▶ [How to complete this task] Exact copy, no pictures: return all the data below as written.

▶ [Dataset section]
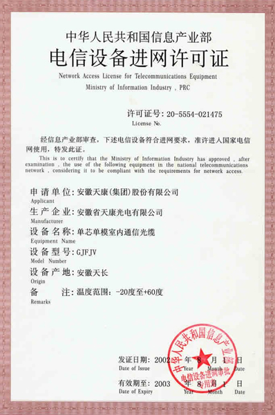单芯单模室内通信光缆获中华人民共和国信息产业部进网许可证
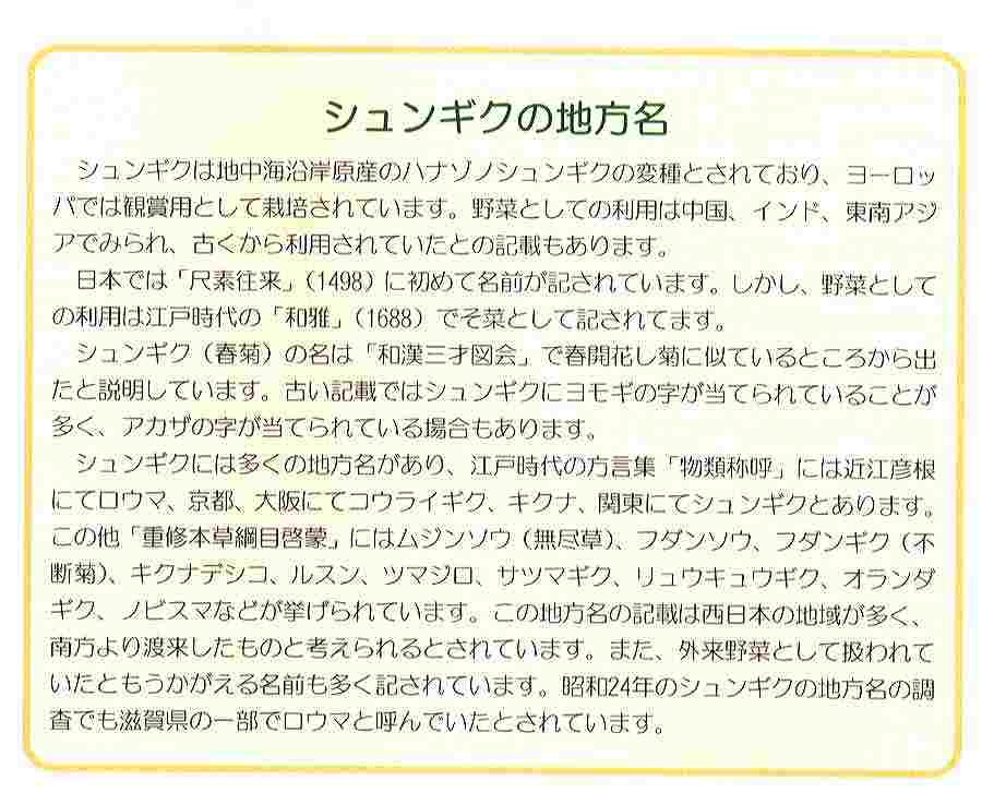 春まきは4月上旬に、秋まきは9〜10月には種します。種子には発芽抑制物質が含まれていますので、流水に一晩漬けておきます。シュンギクの種子は発芽に光を必要としますので、覆土はできるだけ薄くなるようにていねいに行います。覆土を薄くするため覆土してからかん水すると種子が洗われて出てきますので、かん水してから覆土を行うと良いでしょう。直まきは条間20cmの2条まきにします。
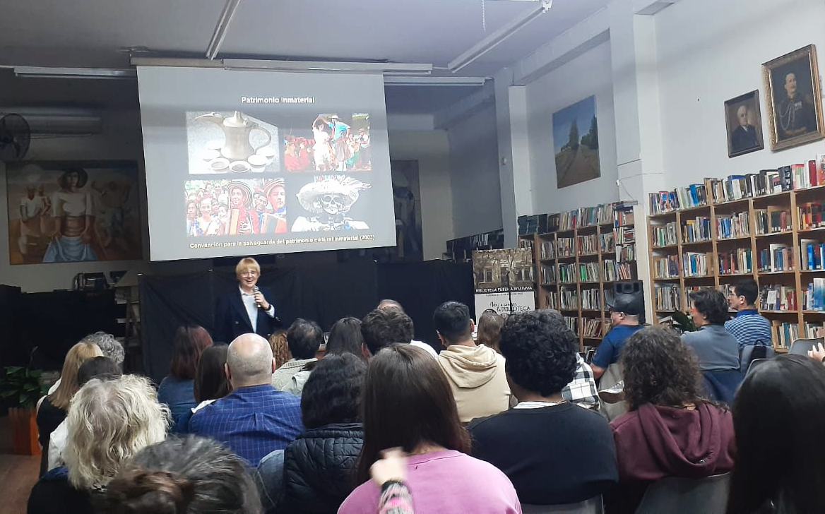 La sede fue la Biblioteca Pública Rivadavia, en la que la Dra. Endere ofreció la charla “Debates actuales sobre el patrimonio cultural”, ante un atento y concurrido marco de público.

▶ [Reply]
单芯单模室内通信光缆获中华人民共和国信息产业部进网许可证
 春まきは4月上旬に、秋まきは9〜10月には種します。種子には発芽抑制物質が含まれていますので、流水に一晩漬けておきます。シュンギクの種子は発芽に光を必要としますので、覆土はできるだけ薄くなるようにていねいに行います。覆土を薄くするため覆土してからかん水すると種子が洗われて出てきますので、かん水してから覆土を行うと良いでしょう。直まきは条間20cmの2条まきにします。
 La sede fue la Biblioteca Pública Rivadavia, en la que la Dra. Endere ofreció la charla “Debates actuales sobre el patrimonio cultural”, ante un atento y concurrido marco de público.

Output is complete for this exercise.